Editor's Comment

Grow cadre of nurses

THE need to have more public health nurses is now more necessary than before in view of the ever growing population which has resulted in some public health challenges.
Every so often, Lusaka and other parts of the country are beset by epidemics which require massive and appropriate response to combat them.
Without belabouring the point, two years ago, the nation saw the spread of cholera from town to town, leaving behind casualties, some of whom lost their lives to the epidemic.
With such public health challenges, it is important that the number of public health nurses increases so that their expertise is directed towards preventing epidemics which affect the health of individuals.
Last Friday, President Edgar Lungu called for the introduction of a public health nursing programme in nursing colleges to complement Government’s efforts to enhance human capital in the health sector.
The President was speaking when he opened St Joseph College of Nursing and Midwifery in Lumezi last Friday.
He said the public health nursing programme will contribute to achieving one of the Patriotic Front’s (PF) goals which requires Government to recruit 30,000 healthcare workers by 2021.
The PF Government has pledged to deliver quality healthcare to citizens and one of the avenues through which the ideal can be achieved is by developing and improving human capital.
In doing this, Government works with various partners, like in this case, the Catholic Church, which runs the newly opened St Joseph College of Nursing and Midwifery, where the President directed Minister of Health Chitalu Chilufya to ensure that management introduces a public health nursing programme soon to complement Government’s efforts to enhance human capital in the health sector.
In its quest to fulfil its pledge, Government has targeted to recruit 30,000 healthcare givers by 2021.
In recruiting health workers, just like other professionals, Government picks from both its own institutions and those trained by private colleges or universities.
Government does this out of a recognition that the private sector complements its efforts in the development of human capital and that is why it works closely with such partners.
The expansion of the health sector being carried out through the construction of health facilities and the upgrading of hospitals requires an increasing number of healthcare providers to take up positions in these institutions and bring healthcare as close to the people as possible.
It is said, and correctly so, that prevention is better than cure.
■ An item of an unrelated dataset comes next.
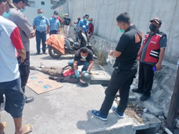 Korban ditemukan tak bernyawa di Jalan Tambak Osowilangun depan gudang logistic. Di lokasi ditemukan sepeda motor matic nopol W 3478 AW.
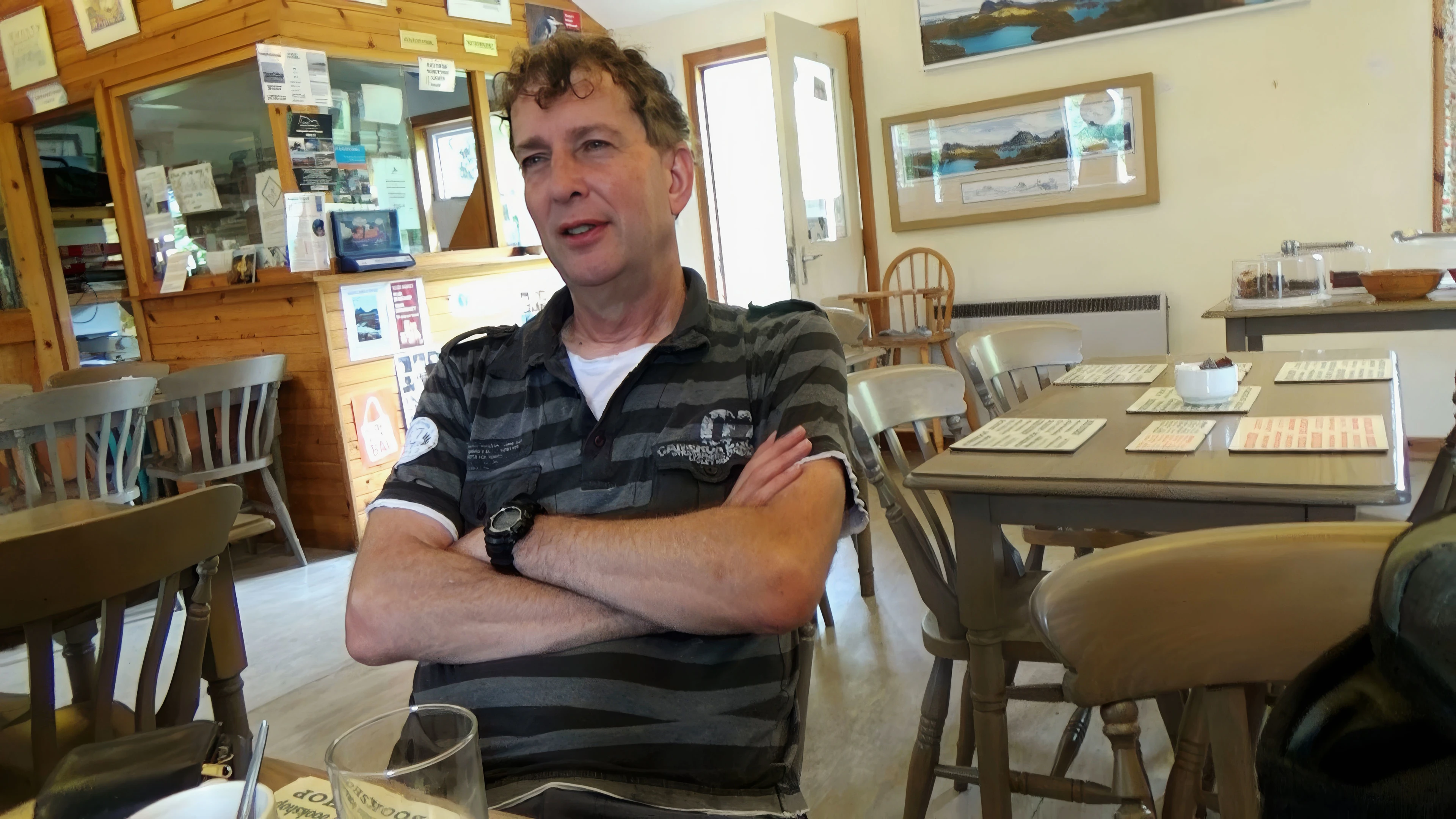 Michael enjoying a coffee at Achins Bookshop, Inverkirkaig.

For this reason, the public healthcare nurses are critical to the combating of diseases before they mutate into epidemics which would require huge amounts of funding to eradicate.
Most of the health challenges that our communities experience can be prevented with the help of public health nurses who are trained to combine their clinical knowledge of health, illnesses and experiences of individuals with community involvement.
In this way, they form an integral link between health planners and policy-makers which is essential in the delivery of healthcare.
The directive is therefore a challenge for all colleges to undertake and produce a cadre of staff that will help Government in quality healthcare delivery.
This challenge is for those that not only know that healthcare must be delivered but also that the onus is on them to do something about it.
The effort is for all to attain sustainable development goals number 3 and number 6.